Exercise description:
Within the entries below, find every line that has the string "went", then copy it.

[Source records]
============

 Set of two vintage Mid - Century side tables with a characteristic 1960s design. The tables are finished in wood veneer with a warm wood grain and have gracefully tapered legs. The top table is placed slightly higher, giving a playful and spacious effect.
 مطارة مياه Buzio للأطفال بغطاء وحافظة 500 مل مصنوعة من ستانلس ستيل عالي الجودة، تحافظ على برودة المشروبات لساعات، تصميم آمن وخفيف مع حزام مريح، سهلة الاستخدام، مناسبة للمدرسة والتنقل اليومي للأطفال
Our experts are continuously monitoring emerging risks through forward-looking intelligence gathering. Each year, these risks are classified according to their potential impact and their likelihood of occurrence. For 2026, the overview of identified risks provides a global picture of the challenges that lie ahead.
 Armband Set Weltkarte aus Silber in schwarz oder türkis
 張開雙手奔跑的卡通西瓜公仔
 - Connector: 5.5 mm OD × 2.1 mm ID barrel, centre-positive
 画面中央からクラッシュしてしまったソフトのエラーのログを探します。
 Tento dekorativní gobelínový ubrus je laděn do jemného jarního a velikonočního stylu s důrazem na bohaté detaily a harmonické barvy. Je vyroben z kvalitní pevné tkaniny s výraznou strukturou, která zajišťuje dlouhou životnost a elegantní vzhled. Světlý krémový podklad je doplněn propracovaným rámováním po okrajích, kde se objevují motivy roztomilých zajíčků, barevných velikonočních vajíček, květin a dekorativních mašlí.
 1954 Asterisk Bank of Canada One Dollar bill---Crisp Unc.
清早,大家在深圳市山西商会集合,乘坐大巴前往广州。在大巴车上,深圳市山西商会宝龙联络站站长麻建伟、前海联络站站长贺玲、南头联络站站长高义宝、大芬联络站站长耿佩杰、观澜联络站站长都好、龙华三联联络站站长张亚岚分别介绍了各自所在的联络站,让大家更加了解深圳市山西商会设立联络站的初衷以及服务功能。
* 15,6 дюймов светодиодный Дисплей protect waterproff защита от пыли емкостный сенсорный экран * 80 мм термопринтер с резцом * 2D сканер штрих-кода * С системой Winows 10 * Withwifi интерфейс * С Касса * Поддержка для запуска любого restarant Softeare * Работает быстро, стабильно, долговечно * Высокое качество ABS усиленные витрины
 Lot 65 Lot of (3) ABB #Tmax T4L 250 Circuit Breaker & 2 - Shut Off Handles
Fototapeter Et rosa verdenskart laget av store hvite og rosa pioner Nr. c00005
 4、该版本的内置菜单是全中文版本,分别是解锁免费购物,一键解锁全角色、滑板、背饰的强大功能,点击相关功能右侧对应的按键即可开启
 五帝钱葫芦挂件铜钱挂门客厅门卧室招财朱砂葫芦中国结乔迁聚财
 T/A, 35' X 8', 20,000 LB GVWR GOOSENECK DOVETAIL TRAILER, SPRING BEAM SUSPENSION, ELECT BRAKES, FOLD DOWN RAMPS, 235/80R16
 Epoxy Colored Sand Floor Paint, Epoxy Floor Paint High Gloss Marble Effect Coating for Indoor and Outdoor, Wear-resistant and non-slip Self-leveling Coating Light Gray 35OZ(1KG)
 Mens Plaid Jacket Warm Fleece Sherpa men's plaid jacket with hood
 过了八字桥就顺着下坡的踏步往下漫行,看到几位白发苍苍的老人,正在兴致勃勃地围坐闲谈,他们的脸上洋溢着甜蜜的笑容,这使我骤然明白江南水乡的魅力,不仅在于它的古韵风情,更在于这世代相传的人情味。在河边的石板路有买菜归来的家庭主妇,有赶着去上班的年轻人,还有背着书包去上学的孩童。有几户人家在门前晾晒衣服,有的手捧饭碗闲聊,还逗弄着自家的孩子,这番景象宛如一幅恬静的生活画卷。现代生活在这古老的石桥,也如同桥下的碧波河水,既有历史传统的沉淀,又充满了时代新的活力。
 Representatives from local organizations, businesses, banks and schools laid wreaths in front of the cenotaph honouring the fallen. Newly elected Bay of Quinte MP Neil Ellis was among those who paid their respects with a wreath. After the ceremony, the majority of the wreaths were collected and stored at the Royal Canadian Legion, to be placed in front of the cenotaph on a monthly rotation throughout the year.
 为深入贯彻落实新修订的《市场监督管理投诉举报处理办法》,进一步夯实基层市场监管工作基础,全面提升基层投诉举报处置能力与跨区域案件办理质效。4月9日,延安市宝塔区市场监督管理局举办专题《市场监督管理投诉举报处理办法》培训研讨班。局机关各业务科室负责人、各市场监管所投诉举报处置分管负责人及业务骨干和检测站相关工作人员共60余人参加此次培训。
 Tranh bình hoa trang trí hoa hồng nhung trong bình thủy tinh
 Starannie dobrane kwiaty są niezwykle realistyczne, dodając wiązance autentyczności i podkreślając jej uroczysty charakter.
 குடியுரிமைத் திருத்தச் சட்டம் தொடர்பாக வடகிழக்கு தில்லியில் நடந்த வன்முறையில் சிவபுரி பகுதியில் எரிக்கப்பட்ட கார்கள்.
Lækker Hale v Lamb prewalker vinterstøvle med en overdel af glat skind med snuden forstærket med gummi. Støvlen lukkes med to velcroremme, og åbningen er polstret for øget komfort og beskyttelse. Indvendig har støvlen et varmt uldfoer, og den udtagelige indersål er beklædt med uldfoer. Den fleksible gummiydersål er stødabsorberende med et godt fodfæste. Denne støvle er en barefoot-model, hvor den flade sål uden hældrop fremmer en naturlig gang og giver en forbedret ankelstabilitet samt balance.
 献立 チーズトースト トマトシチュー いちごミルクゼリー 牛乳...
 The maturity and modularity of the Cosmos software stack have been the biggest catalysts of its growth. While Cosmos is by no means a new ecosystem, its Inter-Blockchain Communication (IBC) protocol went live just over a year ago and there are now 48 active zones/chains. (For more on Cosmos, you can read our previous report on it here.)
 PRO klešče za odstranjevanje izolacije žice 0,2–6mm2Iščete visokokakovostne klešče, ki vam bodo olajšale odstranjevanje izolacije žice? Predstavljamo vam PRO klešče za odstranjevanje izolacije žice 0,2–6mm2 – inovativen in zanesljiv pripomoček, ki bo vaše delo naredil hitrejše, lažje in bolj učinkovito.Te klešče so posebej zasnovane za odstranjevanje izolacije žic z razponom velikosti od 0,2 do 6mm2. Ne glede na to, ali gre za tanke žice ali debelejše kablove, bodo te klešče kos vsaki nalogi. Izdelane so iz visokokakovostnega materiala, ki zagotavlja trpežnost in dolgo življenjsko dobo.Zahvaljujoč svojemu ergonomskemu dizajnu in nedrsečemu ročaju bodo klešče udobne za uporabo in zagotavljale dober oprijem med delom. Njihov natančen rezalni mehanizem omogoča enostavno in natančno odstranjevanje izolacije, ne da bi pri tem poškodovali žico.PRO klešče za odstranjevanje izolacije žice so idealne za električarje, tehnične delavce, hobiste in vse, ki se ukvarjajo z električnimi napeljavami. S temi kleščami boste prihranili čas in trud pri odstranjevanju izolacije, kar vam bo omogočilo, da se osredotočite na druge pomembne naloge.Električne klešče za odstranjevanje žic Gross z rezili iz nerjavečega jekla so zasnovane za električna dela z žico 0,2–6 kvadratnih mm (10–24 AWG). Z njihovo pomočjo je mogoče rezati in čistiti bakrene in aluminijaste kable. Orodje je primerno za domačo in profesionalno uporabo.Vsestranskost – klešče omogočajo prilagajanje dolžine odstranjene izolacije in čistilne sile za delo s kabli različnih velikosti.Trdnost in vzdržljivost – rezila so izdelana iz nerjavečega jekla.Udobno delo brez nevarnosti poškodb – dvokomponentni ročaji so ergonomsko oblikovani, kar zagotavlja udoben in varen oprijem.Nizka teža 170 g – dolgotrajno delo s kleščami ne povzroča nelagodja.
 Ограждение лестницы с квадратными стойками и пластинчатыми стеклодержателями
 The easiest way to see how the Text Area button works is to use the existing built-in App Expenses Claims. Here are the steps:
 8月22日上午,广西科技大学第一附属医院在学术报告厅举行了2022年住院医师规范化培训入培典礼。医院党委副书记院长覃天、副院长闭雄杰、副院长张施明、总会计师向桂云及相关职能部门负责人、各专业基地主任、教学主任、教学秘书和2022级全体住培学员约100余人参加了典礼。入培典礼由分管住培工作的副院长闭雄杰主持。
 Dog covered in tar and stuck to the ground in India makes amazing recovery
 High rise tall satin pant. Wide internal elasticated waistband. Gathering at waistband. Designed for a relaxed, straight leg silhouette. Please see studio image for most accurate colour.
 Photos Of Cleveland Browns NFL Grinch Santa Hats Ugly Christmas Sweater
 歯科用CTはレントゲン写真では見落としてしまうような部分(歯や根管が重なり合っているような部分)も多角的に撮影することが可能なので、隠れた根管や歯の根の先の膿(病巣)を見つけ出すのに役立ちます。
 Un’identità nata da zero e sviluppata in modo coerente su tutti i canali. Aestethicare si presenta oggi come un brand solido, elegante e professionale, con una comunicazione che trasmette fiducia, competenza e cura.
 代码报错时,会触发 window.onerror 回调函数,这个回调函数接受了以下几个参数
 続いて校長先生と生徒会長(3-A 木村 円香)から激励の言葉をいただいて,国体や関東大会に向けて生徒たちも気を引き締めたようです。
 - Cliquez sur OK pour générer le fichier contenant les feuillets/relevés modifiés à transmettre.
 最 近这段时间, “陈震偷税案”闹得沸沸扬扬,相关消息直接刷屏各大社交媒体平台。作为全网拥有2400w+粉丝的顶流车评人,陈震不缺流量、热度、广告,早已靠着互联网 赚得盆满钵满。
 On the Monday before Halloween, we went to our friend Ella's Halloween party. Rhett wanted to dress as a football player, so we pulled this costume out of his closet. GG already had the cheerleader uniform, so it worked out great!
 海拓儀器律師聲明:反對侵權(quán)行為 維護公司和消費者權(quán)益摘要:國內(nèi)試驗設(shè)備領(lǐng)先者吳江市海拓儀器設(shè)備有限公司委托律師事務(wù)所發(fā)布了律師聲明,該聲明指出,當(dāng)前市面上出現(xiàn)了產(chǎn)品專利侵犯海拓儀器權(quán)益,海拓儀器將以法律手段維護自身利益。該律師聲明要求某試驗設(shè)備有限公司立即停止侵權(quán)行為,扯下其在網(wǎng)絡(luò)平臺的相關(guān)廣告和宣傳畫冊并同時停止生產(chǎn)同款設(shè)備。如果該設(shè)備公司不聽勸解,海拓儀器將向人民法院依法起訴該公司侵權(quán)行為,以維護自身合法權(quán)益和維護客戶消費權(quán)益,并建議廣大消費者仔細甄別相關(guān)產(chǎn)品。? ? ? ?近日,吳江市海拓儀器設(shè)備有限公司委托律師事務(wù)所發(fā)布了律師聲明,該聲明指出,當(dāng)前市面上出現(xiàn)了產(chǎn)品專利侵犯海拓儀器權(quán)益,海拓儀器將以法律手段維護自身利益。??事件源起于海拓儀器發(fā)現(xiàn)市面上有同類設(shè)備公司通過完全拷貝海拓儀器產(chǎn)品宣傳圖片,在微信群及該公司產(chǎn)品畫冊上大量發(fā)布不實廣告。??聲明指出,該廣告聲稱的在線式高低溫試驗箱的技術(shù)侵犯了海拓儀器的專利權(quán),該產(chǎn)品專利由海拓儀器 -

============

Answer box:
 The maturity and modularity of the Cosmos software stack have been the biggest catalysts of its growth. While Cosmos is by no means a new ecosystem, its Inter-Blockchain Communication (IBC) protocol went live just over a year ago and there are now 48 active zones/chains. (For more on Cosmos, you can read our previous report on it here.)
 On the Monday before Halloween, we went to our friend Ella's Halloween party. Rhett wanted to dress as a football player, so we pulled this costume out of his closet. GG already had the cheerleader uniform, so it worked out great!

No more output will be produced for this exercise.